弱点 辛いことがあると涙が出てしまう。』
この浄化のような特性のお陰でマリダは基本的には異物は入らない構造の体になっている。
ただしそれはあくまでも「涙が出た場合」に限られるのでなかなか涙が出ないときもあるということだ。
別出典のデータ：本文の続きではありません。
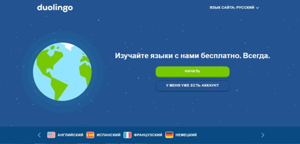 2. Изучение основ языка. Не надо сразу брать толстый, основательный учебник с максимальным охватом слов и грамматики. Начните с простого самоучителя. Главное – должно быть аудиоприложение. Вместо книги с аудио, на этом этапе можно обратиться к обучающему бесплатному сайту duolingo.com :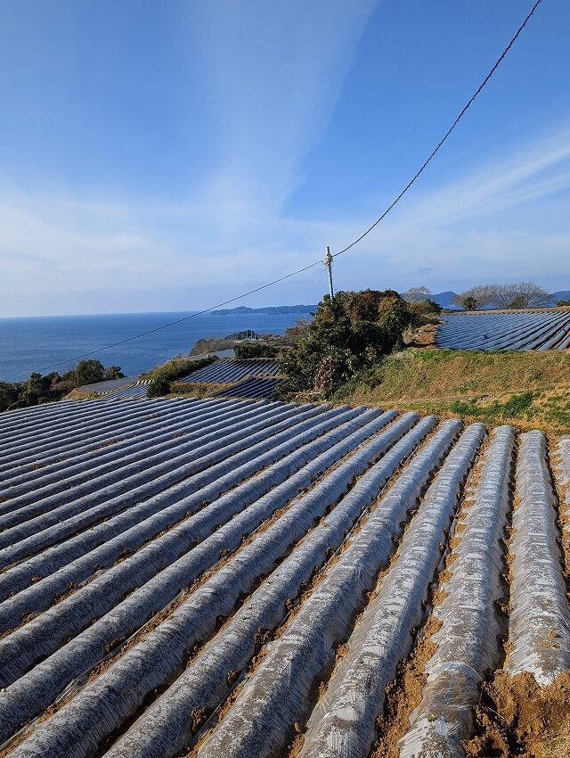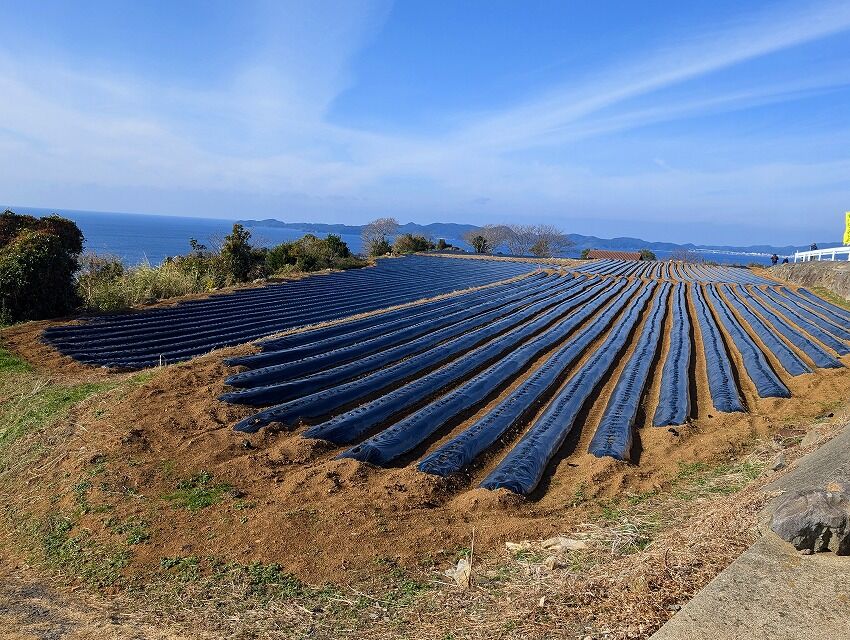 段々と長閑な名産 ジャガイモ畑の マルチシートの広大な畑風景が見られるようになってきました。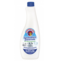 To zapasowy odtłuszczacz w wersji ricarica, przeznaczony do ponownego użycia z atomizerem ze starej butelki. Sprawdza się w kuchni, łazience i innych miejscach, gdzie pojawia się tłuszcz oraz codzienne zabrudzenia. Dzięki obecności bicarbonato formuła pomaga radzić sobie z osadami, a większa pojemność to wygoda przy częstym sprzątaniu.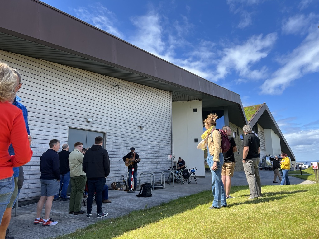 I was wearing the effects of the previous night’s revelries all too plainly on my face. I always try not to mix my drinks at the distillery’s White Stag Dinner, the formal dining affair which opens each year’s festival. I think on this occasion, with some certainty, I had failed at this endeavour. Tea was an absolute must-have! A small queue had already started forming towards the front left-hand of the distillery building, affectionately known as the Cider Shack by its staff. This bit of Lagg Distillery will, if all goes to plan in the coming years, have far more of an apple-themed operational existence, but for now, is the mailroom for both Lagg and Lochranza distilleries. With FOMO kicking in, quite unnecessarily, I wandered over to join the queue. Just under an hour passed and the doors to the Cider Shack swung open – the festival’s annual single cask bottling was on sale, along with its companion Harmony bottling (inside a dinky little guitar case). As well as whisky at the festival, there was another bottling on-sale at the distillery that I saw nearly everybody adding to their purchases: Lagg Distillery Orchard’s inaugural small batch craft cider!

「よし、目的の物は取れた。 あとはとっととここを去ろう。」
コレント密林は危険。 それは学生時代に先生達にいやと言うほど教えられているので目的が無くなれば去るのが一番懸命である。
「マッシュのやつ、大丈夫だろうかな?」
「まだ2時間は経ってないし、僕らで対処できない敵じゃなきゃ上手くやってくれてるんじゃない?」
「曖昧だなぁ。 まあ、とりあえずさっさと」
ズゥゥン・・・
「・・・去った方がよさそうだぜ?」
「・・・もしかしたらさっきの毒沼はモンスターの体液だったのかもしれないね。 それにあの毒はきっと獲物を捉えたって事で、なにかの信号が発せられてたのかも。」
「い、急ぎましょう!」
そのマリダの合図と共に3人は走り出す。 そして密林を出た辺りでマッシュを視界に捉えるとすぐにガーナが叫んだ。
「マッシュ! すぐに馬車を動かし・・・」
ドゴォォン!
ガーナが言い切る前に後ろで木々がなぎ倒される音が聞こえて、振り返ると全長3メートルほどの真っ白な蜘蛛が現れていた。 蜘蛛の複数の目が彼らを捉えると、すぐに口のような場所から糸のようなものを吐き出した。
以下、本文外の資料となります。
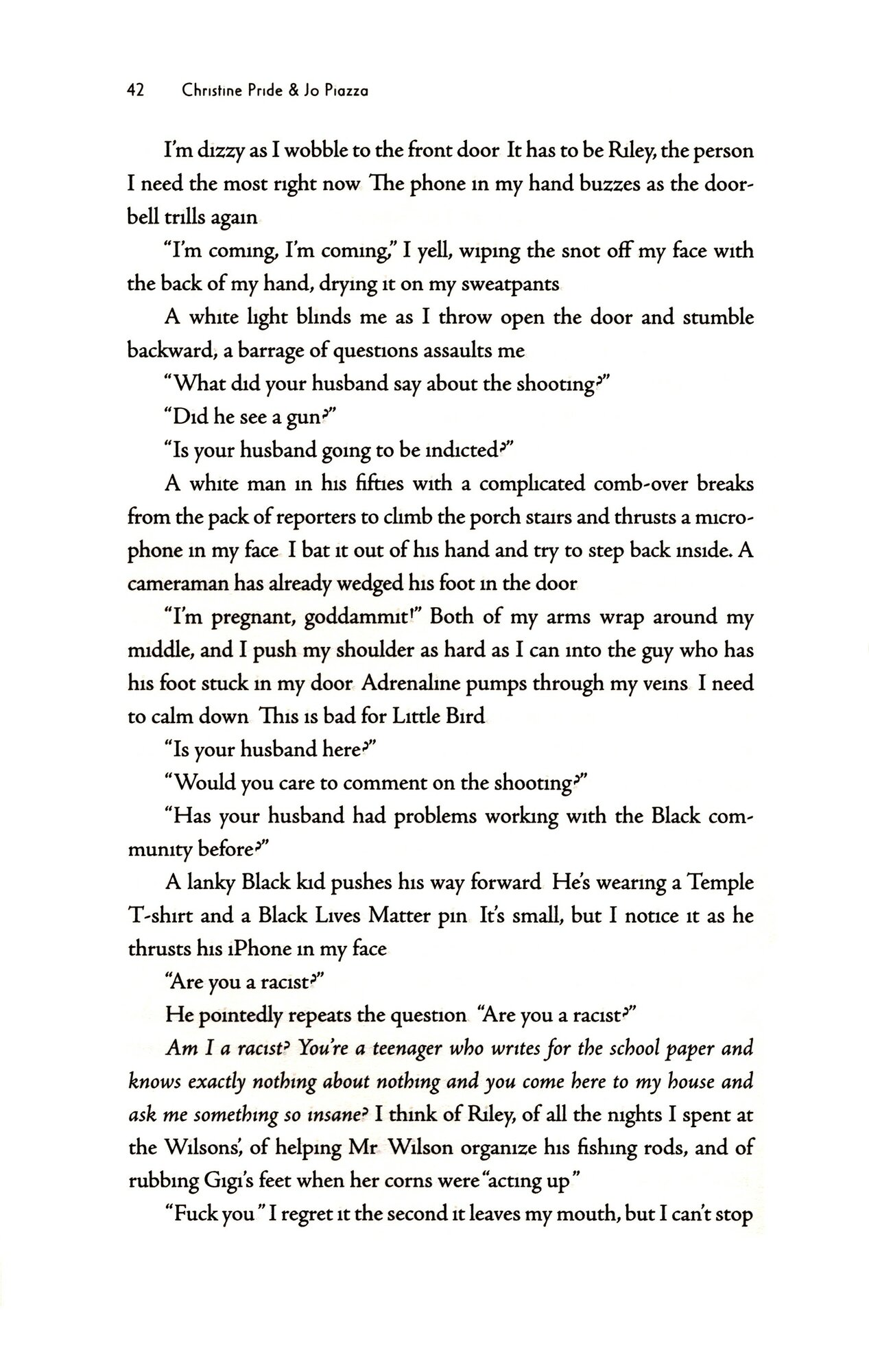 Riley and Jen have been best friends since they were children, and they thought their bond was unbreakable. It never mattered to them that Riley is black and Jen is white. And then Jen's husband, a Philadelphia police officer, is involved in the shooting of an unarmed black teenager and everything changes in an instant.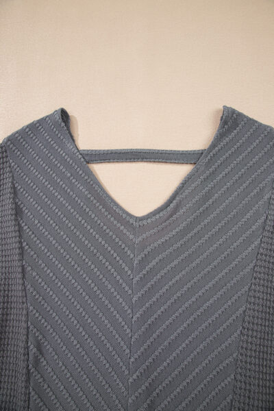 Sleet V Neck Chevron Texture Patchwork Long Sleeve Knit Top

その速さに避けるのが困難だと判断したエブリィは、自分の自慢の業物の剣先を自分の指の先に当てて、そこから流れた血を自分の剣の溝に染み込ませると、自分の前方の地面に半分の弧を描いた。
「現れろ!「毒血壁」!」
そう叫ぶと先程弧を描いた地面からまるでドームを半分に切ったかのような膜が出来上がった。 そしてその膜が糸のようなものを弾いている。
「早く馬車を出して!」
「お前はどうするんだ! エブリィ!」
「もう一回毒血壁を作って、攻撃を防いだら馬車に走って追い付く!」
そういうかいなや、蜘蛛はまた同じ攻撃を繰り返してきた。 馬車は走りだし、エブリィも先程と同じ行動を取る。
「もう一度現れろ! 毒血壁!」
しかし膜が出る前に糸がエブリィの剣に絡まった。
「しまっ・・・!」
そのあとすぐに毒血膜が上がり、その勢いで糸が切れて、剣に糸が絡まったままだが、馬車まで走り、なんとか事なきを得た。
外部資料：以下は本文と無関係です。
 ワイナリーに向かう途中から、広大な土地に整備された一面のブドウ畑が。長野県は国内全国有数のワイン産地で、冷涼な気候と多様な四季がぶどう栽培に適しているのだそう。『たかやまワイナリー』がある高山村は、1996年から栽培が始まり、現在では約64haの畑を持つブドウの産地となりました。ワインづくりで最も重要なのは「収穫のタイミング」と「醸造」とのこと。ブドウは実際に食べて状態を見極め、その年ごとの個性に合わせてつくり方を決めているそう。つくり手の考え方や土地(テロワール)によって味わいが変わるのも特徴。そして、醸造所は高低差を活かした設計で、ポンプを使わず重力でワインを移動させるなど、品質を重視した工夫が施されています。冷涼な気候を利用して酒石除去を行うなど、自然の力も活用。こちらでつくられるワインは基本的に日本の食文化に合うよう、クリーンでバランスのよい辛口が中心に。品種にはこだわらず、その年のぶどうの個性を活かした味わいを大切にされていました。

「ふぅ、危なかった。 でも別の拾い物も手に入ったから、まぁいいか。」
「エブリィ君・・・良かったです・・・ 生きて・・・帰ってきてくれて。」
「大袈裟だよマリダ。 ちょっと想定外の事があっただけ・・・」
そう安心させようと語るエブリィの目に飛び込んできたのは、涙を流していたマリダが見えた。 その様子を見てエブリィはマリダに「ごめん」と謝った。 馬車を引いていた2人は別の会話を始める。
「ねぇガーナ。」
「なんだ? マッシュ?」
「マリダって「泣き虫」って言われてるけど、涙を流しているのを見せるのって、研究機関の施設以外だとエブリィにしか見せてないって知ってた?」
「・・・マジで?」
「エブリィは気がついてないようだけどね。」
そんな不思議な事実を語りながら依頼完了の報告をするために馬車を走らせるのだった。
一応彼女がこの小説のヒロイン枠になるのですが、ヒロインが泣き虫って・・・流石に属性が強すぎますかね?